How does coll search for symbols?
If I use coll to store a lot of data where the indices are symbol names, how does coll search when I send it a symbol? Does it just go linearly or is there a way to do fast binary lookups?
I webscraped about 900 guitar chord tunings to use with a strummer object and I’m looking for the fastest way to retrieve chords by name.
The code for coll used to be published with the SDK. As I recall, it was a linear search.
OTOH, with modern hardware, a linear search through 900 items shouldn’t be all that slow. Also note that symbol matching, itself, is highly optimized.
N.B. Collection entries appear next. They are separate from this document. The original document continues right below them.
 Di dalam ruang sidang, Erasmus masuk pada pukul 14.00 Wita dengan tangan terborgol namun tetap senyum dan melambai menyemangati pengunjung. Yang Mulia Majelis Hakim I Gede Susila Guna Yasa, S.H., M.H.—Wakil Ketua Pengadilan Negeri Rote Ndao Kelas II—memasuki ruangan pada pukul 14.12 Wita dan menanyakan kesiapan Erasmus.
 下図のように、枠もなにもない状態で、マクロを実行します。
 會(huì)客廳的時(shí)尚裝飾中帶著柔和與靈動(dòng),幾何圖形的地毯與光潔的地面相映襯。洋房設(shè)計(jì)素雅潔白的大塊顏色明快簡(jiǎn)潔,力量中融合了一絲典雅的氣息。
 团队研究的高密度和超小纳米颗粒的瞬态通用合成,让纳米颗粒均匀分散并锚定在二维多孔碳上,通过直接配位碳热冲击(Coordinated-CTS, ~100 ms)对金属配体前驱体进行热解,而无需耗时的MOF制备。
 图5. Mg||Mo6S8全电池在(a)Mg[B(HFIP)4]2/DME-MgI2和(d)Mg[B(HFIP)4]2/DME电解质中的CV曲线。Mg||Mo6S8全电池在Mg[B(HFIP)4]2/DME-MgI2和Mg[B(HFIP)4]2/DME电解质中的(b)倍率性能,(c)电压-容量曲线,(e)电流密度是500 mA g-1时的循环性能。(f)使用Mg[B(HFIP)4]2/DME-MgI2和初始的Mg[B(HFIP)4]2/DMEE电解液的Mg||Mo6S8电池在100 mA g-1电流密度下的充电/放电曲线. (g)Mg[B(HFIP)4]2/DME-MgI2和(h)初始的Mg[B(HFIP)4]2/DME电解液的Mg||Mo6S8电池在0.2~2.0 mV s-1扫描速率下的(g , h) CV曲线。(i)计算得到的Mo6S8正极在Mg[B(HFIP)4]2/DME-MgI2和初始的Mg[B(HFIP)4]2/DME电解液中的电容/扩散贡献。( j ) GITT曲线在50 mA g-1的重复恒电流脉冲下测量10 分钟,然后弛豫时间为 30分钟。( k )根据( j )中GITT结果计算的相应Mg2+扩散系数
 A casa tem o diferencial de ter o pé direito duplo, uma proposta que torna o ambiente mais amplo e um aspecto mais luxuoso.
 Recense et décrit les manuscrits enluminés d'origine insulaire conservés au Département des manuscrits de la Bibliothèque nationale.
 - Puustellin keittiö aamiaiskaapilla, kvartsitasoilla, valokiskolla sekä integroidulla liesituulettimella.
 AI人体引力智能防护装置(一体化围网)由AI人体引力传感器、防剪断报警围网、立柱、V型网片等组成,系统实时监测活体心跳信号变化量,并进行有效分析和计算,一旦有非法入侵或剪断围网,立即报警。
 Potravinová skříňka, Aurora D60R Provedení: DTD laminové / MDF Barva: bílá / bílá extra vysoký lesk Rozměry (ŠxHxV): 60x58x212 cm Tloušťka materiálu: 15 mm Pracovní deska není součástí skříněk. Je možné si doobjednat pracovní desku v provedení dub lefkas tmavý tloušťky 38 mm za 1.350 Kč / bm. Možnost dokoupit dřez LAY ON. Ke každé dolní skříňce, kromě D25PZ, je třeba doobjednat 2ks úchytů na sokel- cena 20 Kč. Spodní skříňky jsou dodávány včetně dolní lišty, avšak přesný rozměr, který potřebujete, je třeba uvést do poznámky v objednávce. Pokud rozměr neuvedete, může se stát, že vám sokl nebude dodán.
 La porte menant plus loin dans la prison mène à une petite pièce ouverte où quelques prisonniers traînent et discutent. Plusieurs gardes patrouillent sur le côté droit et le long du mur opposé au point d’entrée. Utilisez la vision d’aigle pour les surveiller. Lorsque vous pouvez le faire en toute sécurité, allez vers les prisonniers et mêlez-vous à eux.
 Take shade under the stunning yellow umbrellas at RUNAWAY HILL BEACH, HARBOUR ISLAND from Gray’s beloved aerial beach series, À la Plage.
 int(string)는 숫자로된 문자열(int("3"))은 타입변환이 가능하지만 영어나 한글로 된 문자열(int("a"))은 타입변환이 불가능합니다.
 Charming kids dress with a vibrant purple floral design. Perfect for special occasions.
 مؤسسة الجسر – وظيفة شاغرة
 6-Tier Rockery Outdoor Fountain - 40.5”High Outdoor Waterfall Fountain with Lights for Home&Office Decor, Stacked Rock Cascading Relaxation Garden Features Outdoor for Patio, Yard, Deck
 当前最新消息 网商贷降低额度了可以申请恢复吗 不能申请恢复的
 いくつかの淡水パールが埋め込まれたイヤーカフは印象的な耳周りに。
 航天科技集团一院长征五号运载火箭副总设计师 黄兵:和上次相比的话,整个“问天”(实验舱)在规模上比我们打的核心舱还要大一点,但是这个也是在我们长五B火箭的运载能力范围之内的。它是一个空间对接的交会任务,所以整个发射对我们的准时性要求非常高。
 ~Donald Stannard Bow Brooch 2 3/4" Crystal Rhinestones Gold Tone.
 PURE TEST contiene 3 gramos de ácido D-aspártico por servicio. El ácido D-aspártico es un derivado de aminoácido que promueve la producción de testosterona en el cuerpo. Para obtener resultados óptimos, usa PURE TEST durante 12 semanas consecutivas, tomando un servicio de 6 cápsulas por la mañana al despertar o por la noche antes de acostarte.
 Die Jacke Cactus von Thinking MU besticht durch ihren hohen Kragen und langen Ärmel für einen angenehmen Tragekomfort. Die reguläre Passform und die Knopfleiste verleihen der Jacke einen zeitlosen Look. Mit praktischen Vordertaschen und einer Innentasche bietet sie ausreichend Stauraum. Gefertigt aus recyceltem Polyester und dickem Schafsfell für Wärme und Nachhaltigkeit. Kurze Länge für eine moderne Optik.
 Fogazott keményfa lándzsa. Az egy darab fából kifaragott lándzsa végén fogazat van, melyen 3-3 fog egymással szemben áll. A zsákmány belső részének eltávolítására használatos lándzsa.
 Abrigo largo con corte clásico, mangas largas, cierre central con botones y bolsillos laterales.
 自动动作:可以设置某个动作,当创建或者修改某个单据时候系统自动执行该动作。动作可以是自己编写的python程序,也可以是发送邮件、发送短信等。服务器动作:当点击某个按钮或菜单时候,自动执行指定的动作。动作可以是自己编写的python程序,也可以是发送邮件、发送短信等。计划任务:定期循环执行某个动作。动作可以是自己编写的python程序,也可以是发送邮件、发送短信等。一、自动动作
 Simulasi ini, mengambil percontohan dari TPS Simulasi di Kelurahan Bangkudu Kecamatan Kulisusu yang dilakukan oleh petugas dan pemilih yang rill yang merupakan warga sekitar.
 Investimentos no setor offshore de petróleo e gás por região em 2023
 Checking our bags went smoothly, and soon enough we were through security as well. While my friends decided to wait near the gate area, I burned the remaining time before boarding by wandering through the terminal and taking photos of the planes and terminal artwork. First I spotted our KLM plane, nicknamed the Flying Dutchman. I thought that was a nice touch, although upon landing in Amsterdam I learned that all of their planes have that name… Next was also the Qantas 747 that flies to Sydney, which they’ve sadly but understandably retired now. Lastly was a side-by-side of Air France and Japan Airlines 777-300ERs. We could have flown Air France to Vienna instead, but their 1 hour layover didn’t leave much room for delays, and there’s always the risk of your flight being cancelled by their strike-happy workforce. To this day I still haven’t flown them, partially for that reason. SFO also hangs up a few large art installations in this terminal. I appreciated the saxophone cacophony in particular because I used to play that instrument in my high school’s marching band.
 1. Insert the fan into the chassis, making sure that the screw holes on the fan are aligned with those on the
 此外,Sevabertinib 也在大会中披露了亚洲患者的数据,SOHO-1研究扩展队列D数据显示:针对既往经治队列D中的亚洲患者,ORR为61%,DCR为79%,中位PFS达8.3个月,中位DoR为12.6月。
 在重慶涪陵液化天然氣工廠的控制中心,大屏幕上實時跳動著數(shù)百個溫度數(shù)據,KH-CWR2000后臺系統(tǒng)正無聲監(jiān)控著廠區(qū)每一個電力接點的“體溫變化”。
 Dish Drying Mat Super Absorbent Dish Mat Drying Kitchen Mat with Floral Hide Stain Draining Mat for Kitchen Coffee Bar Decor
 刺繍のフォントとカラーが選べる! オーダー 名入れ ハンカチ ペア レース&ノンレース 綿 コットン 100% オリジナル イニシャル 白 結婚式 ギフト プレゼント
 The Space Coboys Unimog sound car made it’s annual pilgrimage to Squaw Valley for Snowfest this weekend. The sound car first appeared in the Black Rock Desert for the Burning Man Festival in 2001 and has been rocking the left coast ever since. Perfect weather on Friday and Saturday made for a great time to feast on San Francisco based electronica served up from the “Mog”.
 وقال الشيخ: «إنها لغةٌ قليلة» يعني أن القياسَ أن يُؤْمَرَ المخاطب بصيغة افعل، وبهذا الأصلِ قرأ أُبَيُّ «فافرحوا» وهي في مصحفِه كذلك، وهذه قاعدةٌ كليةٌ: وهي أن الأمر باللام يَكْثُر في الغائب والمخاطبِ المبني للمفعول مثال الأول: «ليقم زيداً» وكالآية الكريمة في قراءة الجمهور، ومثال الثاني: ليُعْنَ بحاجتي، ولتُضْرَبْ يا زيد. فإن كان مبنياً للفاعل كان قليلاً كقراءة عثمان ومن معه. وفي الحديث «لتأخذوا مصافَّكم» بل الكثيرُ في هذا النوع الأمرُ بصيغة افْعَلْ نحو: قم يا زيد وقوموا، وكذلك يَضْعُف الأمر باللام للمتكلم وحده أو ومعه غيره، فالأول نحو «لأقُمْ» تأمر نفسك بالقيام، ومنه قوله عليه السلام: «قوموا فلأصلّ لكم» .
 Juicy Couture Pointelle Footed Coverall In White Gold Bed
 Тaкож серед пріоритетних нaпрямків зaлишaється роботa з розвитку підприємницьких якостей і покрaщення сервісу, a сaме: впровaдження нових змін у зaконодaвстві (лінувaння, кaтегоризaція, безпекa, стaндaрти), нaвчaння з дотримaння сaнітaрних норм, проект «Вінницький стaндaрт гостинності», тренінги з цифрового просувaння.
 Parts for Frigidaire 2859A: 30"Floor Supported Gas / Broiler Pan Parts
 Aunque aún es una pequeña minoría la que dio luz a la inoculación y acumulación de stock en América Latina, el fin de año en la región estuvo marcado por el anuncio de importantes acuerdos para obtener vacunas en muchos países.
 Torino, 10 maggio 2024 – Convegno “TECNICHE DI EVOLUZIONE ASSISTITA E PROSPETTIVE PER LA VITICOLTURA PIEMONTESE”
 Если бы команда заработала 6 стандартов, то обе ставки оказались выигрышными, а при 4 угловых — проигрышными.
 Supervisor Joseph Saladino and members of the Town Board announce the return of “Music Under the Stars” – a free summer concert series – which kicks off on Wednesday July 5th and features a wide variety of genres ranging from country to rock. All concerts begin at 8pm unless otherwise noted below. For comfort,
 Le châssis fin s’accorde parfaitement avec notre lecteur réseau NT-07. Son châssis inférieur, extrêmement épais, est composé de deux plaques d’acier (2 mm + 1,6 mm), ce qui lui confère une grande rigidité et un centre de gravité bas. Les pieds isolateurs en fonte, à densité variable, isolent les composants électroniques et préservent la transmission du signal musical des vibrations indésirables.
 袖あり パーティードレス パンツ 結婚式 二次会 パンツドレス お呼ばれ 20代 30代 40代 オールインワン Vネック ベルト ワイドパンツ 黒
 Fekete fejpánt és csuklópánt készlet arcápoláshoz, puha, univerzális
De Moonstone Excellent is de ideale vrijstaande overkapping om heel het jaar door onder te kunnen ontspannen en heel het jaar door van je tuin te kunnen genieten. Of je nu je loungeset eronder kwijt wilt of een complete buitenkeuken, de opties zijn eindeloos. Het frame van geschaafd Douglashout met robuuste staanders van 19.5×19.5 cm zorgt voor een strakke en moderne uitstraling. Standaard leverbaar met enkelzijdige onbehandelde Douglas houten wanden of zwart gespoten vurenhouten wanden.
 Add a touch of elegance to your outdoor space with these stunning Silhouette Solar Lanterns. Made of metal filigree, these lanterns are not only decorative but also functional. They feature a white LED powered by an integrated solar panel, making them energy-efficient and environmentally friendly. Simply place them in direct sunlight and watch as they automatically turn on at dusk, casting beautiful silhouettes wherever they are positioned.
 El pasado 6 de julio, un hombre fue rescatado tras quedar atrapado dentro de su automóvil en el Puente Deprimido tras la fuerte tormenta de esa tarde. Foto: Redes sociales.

Once a symbol is "generated", it is represented by a 32-bit value, so matching is simply a comparison of 32-bit values (i.e., one subtraction and test for zero) rather than anything as ham-fisted as strcmp().
I have it working with coll now and it does seem reasonable so far. On the other hand, I’m not doing much else yet.
Last time I looked at searching algorithms (a long time ago) the switch over point between linear and binary was about 60-70 items so having over 800 entries seems prime for binary searching. Obviously, the faster the computer, the bigger the list you can get away with.
Is the source for coll available anywhere? I’d hate to start from scratch but modifying ‘coll’ to have a binary search version shouldn’t be a big deal.
Why not use dict instead? Random access is hash-based, so the lookup is super fast…
@ej: Point taken. Not that it makes much difference :-)
Hey, why don’t you C74 guys add the code of coll back to the SDK, so we developers might reimplement it using dictionaries.
Good idea, right? ;)
Not with a one-off experiment. In some basic tests I just did this morning, I’ve determined it takes
0.0005ms to find the first item and
0.0051ms to find the last item (there are only 827 items in this list)
So in the short term I’m probably safe.